# Any dealers offing a discount on Scott ?



## BenH (Dec 28, 2001)

I'm looking for a CR1 Team or Pro. I've found a used Team locally which looks like a good deal but of course you get the just now retired 105 group. I know many dealers have 2011 models in stock.

Anyone know of a dealer offering some kind of a discount ? I figured I'd check before springing for a used one.


----------



## Terex (Jan 3, 2005)

Yes. There are.


----------



## FeydR (May 19, 2010)

At the time I bought mine there wasn't much of a discount available online. Certainly some deals online though these days... if you can find your size.

Unfortunatly here in Chicago there was only 1 dealer that was geographically close to me that was selling them so I didn't get much of a discount up front. I was okay with that because I am more into service after the sale so the extra couple hundred was worth it to me. On top of that, part of my fitting fee was refundable if I bought a bike through them, so it worked out pretty well for me in the end.

Love my 2010 CR1 Team.


----------



## BenH (Dec 28, 2001)

The 2010 Team is on sale locally for 1700. After tax that's closer to 1900. Found a used one at 1300 so it's a pretty steep step up from used to new. I think if I'm going to get new, I'll wait for the 2011 Shimano 105 which will be on the 2011 Team (same frame of course). $600 is serious change and I'm willing at least to some extent to deal with used issues. The local shop is far enough away that I wouldn't be going there but for a warranty failure. 

I thought I'd at least check what other non-local sale options were available. I believe dealers are able to ship last years stuff out of their region.

I'm excited to get one though. I've been waiting for so long for a nice carbon bike that wouldn't shake my fillings loose on any pot hole.


----------



## stubek (Aug 16, 2007)

Trisports in Tucson is a big seller of Scott, check out their inventory at www.trisports.com


----------



## TucsonMTB (Aug 3, 2008)

stubek said:


> Trisports in Tucson is a big seller of Scott, check out their inventory at www.trisports.com


I haven't been over to their store, but their web site does not list much. The only Addict they have is a 2009 R4 at a several hundred dollar higher price than I paid for my closeout 2009 R4 from Oro Valley Bicycle last year! 

Given the Goth colors that Scott and others are adopting for next year, that's a bummer if you like brighter colors, and I do.


----------



## stubek (Aug 16, 2007)

TucsonMTB said:


> I haven't been over to their store, but their web site does not list much.
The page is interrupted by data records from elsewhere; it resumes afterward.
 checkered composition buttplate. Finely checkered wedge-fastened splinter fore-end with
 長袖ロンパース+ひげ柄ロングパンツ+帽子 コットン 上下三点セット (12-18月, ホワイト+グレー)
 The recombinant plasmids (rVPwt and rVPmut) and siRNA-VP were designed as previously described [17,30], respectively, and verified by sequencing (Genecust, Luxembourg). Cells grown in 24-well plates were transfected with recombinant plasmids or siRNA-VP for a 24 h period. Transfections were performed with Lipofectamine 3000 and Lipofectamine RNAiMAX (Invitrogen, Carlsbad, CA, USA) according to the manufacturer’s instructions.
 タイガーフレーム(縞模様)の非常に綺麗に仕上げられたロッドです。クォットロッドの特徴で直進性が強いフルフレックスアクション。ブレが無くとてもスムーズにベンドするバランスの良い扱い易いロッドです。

The only Addict they have is a 2009 R4 at a several hundred dollar higher price than I paid for my closeout 2009 R4 from Oro Valley Bicycle last year!
> 
> Given the Goth colors that Scott and others are adopting for next year, that's a bummer if you like brighter colors, and I do.
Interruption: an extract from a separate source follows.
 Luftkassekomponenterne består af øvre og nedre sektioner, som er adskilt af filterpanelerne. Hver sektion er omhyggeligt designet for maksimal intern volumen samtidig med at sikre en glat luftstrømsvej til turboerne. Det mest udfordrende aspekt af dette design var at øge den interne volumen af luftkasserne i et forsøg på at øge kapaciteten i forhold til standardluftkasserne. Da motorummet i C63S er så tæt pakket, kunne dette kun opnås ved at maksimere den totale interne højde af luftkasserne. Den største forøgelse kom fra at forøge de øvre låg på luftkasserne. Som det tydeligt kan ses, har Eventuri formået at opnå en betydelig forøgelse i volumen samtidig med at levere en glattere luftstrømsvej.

I just checked their website and for road bikes, they have Addict R2 , 3, and 4, CR1 Pro, Team, and the Speedster 30 and 50.
For TT bikes, they have Plasma 10, 20, 30, and the new Plasma 3.
They also sell almost all of those frames.

Is there another Scott you are looking for?
As for price several hundred higher, I can't say anything about that. I know for the Plasma TT/Tri bikes, I have been looking for about 4 months before I bought mine last week and they consistently had the lowest price of stores that sold them online. For me where I now live, it is over an hour drive to the nearest store that stocks them.


----------



## TucsonMTB (Aug 3, 2008)

My bad! I only looked in their closeout section . . . sorry! :idea: 

I'm glad to hear that you are a satisfied customer. How are they handling Scott warranty issues?


----------



## stubek (Aug 16, 2007)

TucsonMTB said:


> My bad! I only looked in their closeout section . . . sorry! :idea:
> 
> I'm glad to hear that you are a satisfied customer. How are they handling Scott warranty issues?


Did you check here? This is all the Scott's, not just the closeouts
http://trisports.com/all-scott-road-and-triathlon-bikes.html

Not sure on the warranty stuff. I have had my 2006 CR1 Pro since it was new and never had to make a claim. I did move from Tucson to Northern Cal about 3 months after I got it, but I still go back to Tucson a couple times each year to ride and always stop in.

Tucson is full of great stores for road bikes, my other favorite is Miles Ahead. Last year I bent a carbon tubular wheel at 3pm the night before El Tour. Those guys pulled the tire off, trued the wheel, dished it, re glued the tire and had it back in my hands by 5pm the same day for $45! Around here, just gluing a tire on costs me that much.


----------



## jaysc (Apr 23, 2010)

There are deals to be had on craigslist. I've seen a decent number of Scotts latelt. Not as many Scotts as Dales and the like, but still, deals to be had. Granted, used carbon is a discussion for another thread...


----------



## stubek (Aug 16, 2007)

I just bought a Scott Plasma 2 Ultegra bike on eBay. It was used, BARELY and the owner upgraded the bar to a Zipp Vuka. I basically paid for a Zipp Vuka bar and an extra $500 got me the bike.
It arrived a couple days ago and it looks perfectly new.
But as for shops, for a truly new bike, try using www.froogle.com it is google's price search feature.


----------